■ MATERIAL PROVIDED ■
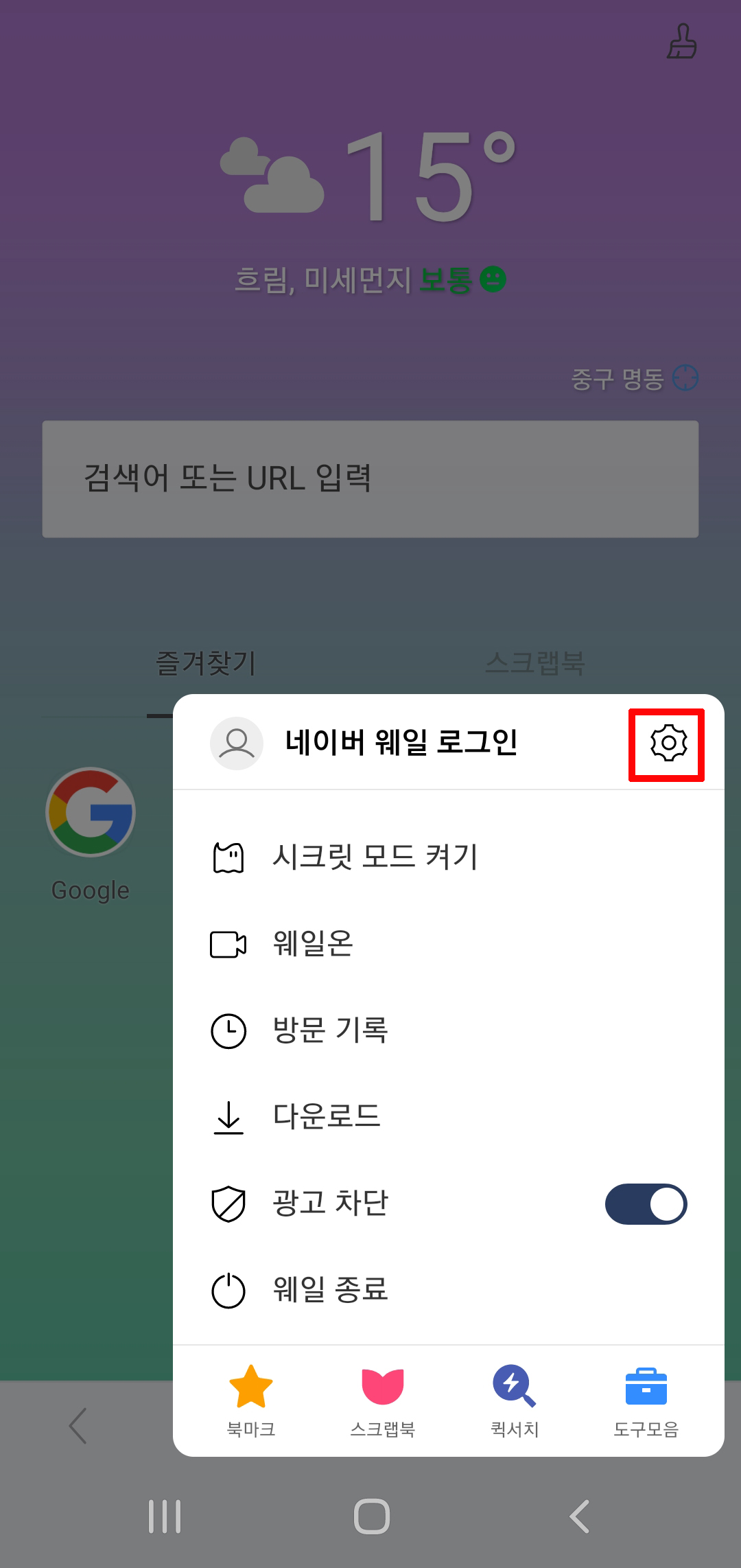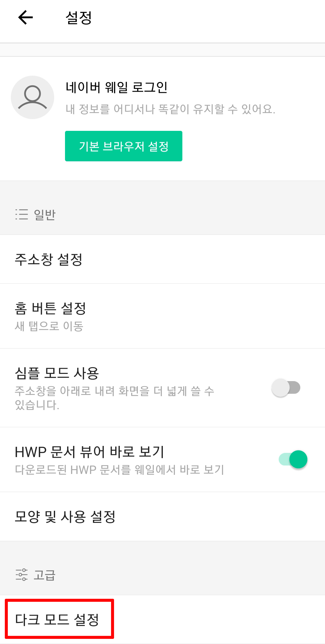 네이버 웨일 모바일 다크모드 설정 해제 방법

==

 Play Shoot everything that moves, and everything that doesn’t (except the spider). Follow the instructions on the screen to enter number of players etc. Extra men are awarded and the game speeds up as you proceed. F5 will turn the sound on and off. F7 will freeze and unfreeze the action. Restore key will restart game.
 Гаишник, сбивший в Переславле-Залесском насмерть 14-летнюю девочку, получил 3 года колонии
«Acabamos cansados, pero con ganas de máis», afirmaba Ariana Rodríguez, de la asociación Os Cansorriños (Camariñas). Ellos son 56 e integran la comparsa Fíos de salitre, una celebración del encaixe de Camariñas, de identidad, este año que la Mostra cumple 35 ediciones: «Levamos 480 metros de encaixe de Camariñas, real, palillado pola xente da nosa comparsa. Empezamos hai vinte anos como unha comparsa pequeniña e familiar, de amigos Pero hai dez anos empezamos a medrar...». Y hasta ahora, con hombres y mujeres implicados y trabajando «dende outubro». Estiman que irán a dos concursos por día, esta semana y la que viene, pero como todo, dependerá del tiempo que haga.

==

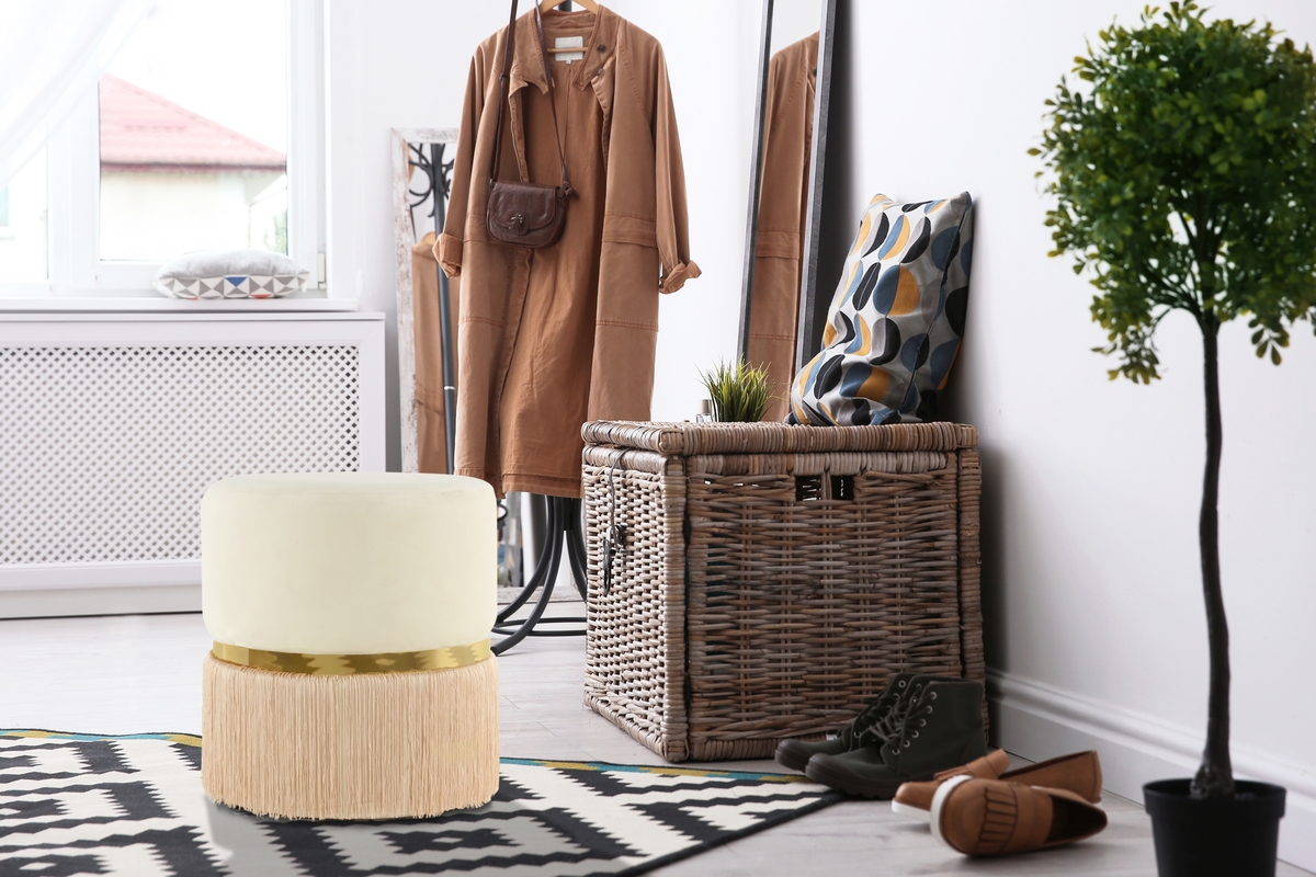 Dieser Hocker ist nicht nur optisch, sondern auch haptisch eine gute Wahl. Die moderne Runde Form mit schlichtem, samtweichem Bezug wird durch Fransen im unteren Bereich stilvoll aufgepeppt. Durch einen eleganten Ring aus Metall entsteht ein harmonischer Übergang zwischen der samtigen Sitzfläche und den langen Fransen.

■ WHAT THIS TASK INVOLVES ■
Only one stretch of the records above is wanted: the lines between the one holding "Play Shoot everything" and the one holding "Гаишник, сбивший в", inclusive, reproduced exactly.

■ THE COMPLETED TASK ■
 Play Shoot everything that moves, and everything that doesn’t (except the spider). Follow the instructions on the screen to enter number of players etc. Extra men are awarded and the game speeds up as you proceed. F5 will turn the sound on and off. F7 will freeze and unfreeze the action. Restore key will restart game.
 Гаишник, сбивший в Переславле-Залесском насмерть 14-летнюю девочку, получил 3 года колонии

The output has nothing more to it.